Qualora un procedimento amministrativo sanzionatorio, concernente i medesimi fatti oggetto di un procedimento penale definito con sentenza passata in giudicato di condanna, si sia concluso, a sua volta, con l'irrogazione di una sanzione, il giudice deve valutare la compatibilità fra il cumulo delle due sanzioni, amministrativa e penale, ed il divieto di "ne bis in idem" stabilito dall'art. 50 della Carta dei diritti fondamentali dell'Unione europea e dall'art. 4 del VII Protocollo della Convenzione europea dei diritti dell'uomo, tenendo conto dell'interpretazione datane dalla Corte di Giustizia dell'Unione europea, che valorizza principalmente la presenza di norme di coordinamento a garanzia della proporzionalità del trattamento sanzionatorio complessivo, e dalla Corte Europea dei diritti dell'uomo, per la quale rileva, soprattutto, la vicinanza cronologica dei diversi procedimenti e la loro complementarit nel soddisfacimento di finalità sociali differenti. Ove, invece, il procedimento penale sia terminato con una pronuncia definitiva di assoluzione "perché il fatto non sussiste", il divieto del "ne bis in idem" è pienamente efficace e, pertanto, l'art. 50 della Carta dei diritti fondamentali dell'Unione europea non incontra alcuna limitazione ai sensi dell'art. 52 della stessa Carta. Ne derivano l'impossibilità di continuare nell'accertamento dell'illecito amministrativo e la necessità di interrompere il relativo procedimento e l'eventuale successivo giudizio di opposizione, con conseguente non applicazione della disposizione sanzionatoria di diritto interno, circostanza che esclude ogni problema di disapplicazione di disposizioni nazionali in ragione del primato del diritto dell'Unione europea e la rilevanza di questioni di legittimità costituzionale in relazione all'art. 117 Cost. (Nella specie, il ricorrente era una persona fisica che era stata assoggettata alla sanzione amministrativa stabilita dall'art. 187 bis T.U.F., ma era stata assolta, per gli stessi fatti, in via definitiva e con formula piena dal reato previsto dall'art. 184 T.U.F. all'esito di un giudizio nel quale la CONSOB era parte civile).

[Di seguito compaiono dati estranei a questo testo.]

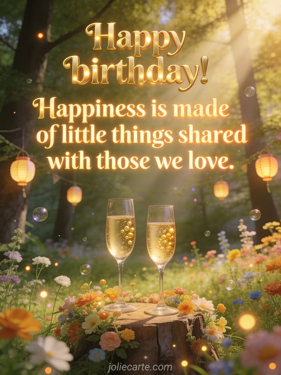 Happy birthday! Happiness is made of little things we share. a warm birthday card with champagne in a forest clearing
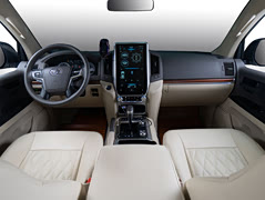 丰田兰德酷路泽又名陆地巡洋舰. 配置采用4.6升V8引擎自吸发动机,与发动机匹配的是手自一体6速变速器。最大功率234KW/5600rpm,最大扭矩460NM/3400rpm. 兰德酷路泽留给我的印象,一直是皮实耐用、越野性强、不挑油等 在家里人的强烈安利之下马上就去买了,没等换代!没有苦等下一代车型!因为家里祖传都是用这款,简直就是狂热粉。用了一段时间,感觉后排五座还是比较局促,后来自己仔细想了想,不如不要中间这个座位,因为在自主创业的原因,更多需要商务谈判,中间座椅用到的机会相当小。所以为了让他更具专业性以及更符合陆巡霸气外观的个性,就直接改成四座带各种功能。这个中排扶手造型,无论是造型设计还是其功能性都让这辆丰田陆巡瞬间高大上了有没有,因此内饰因此被分为左右两个空间,更加显档次感,包含有储物功能,冷藏功能,手机充电功能,电子触屏控制功能,座椅多向调节,空气净化,多功能按摩等这次将原车座椅中排三座的布局形式彻底革新,改成后排双座,更显商业性使得乘坐更加体面和气派。
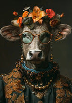 Op dit schilderij zie je een koe met een ronde bril en een bloemenhoofddeksel, versierd met oranje en rode bloemen. Met gelaagde kettingen en een gedetailleerd kledingstuk oogt de koe bijna als een verfijnde antropomorfe creatie.
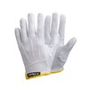 Textilhandske i bomull för monteringsarbeten. Med resår och ftalatfria PVC-prickar (vinyl). Cat I. Vit. 12par/bunt.
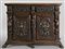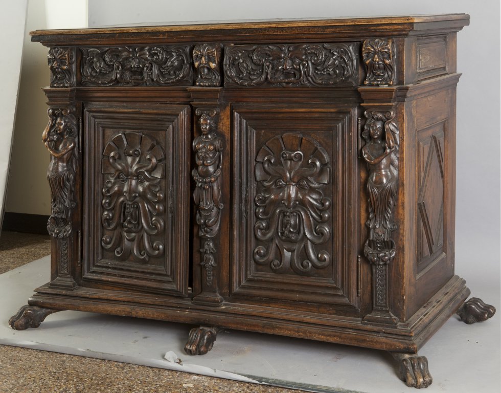 Credenza a due sportelli e due cassetti riccamente intagliata con mascheroni e lesene, sec. XIX
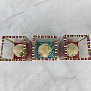Set of 3 Handpainted Eggs in Individual Boxes Asian Design Hand Painted Vintage

In base alla sentenza della Grande Sezione della Corte di giustizia dell'Unione Europea del 20 marzo 2018, resa nelle cause riunite C-596/16 e C-597/16, non è compatibile con il principio del "ne bis in idem" di diritto convenzionale ed euro unitario e, in particolare, con l'art. 50 della Carta dei diritti fondamentali dell'Unione Europea, l'instaurazione di un procedimento amministrativo sanzionatorio o la sua prosecuzione - eventualmente anche in sede di opposizione giurisdizionale - in relazione alla commissione dell'illecito amministrativo di cui all'art. 187 bis T.U.F. qualora, con riferimento ai medesimi fatti storici, l'incolpato sia stato definitivamente assolto in sede penale con formula piena dal delitto previsto dall'art. 184 T.U.F.

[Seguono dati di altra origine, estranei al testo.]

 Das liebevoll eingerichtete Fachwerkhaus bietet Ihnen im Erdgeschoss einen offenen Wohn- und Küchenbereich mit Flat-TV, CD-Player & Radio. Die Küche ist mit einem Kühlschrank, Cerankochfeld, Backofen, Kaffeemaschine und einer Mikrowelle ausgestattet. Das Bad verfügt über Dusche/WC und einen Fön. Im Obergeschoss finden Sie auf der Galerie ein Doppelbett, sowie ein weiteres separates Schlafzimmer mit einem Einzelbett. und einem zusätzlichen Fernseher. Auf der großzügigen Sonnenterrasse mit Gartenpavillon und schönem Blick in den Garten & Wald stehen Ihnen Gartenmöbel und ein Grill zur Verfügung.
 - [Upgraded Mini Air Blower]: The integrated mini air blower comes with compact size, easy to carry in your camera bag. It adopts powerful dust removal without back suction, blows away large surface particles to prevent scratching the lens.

La sanzione di cui all'art. 187 bis T.U.F., pur se formalmente amministrativa, va considerata, alla stregua sia della Convenzione Europea dei diritti dell'uomo sia del diritto euro unitario, sostanzialmente penale; nè tale natura è mutata a seguito dell'entrata in vigore del d.lgs. n. 107 del 2018, che ha mitigato il relativo trattamento sanzionatorio, atteso che il massimo edittale "ordinario" è rimasto severo, che è possibile aumentare la sanzione che risulti inadeguata, benché applicata nella misura massima, e che sono previste, altresì, la confisca e le sanzioni accessorie della perdita temporanea dei requisiti di onorabilità e della incapacità temporanea ad assumere incarichi direttivi.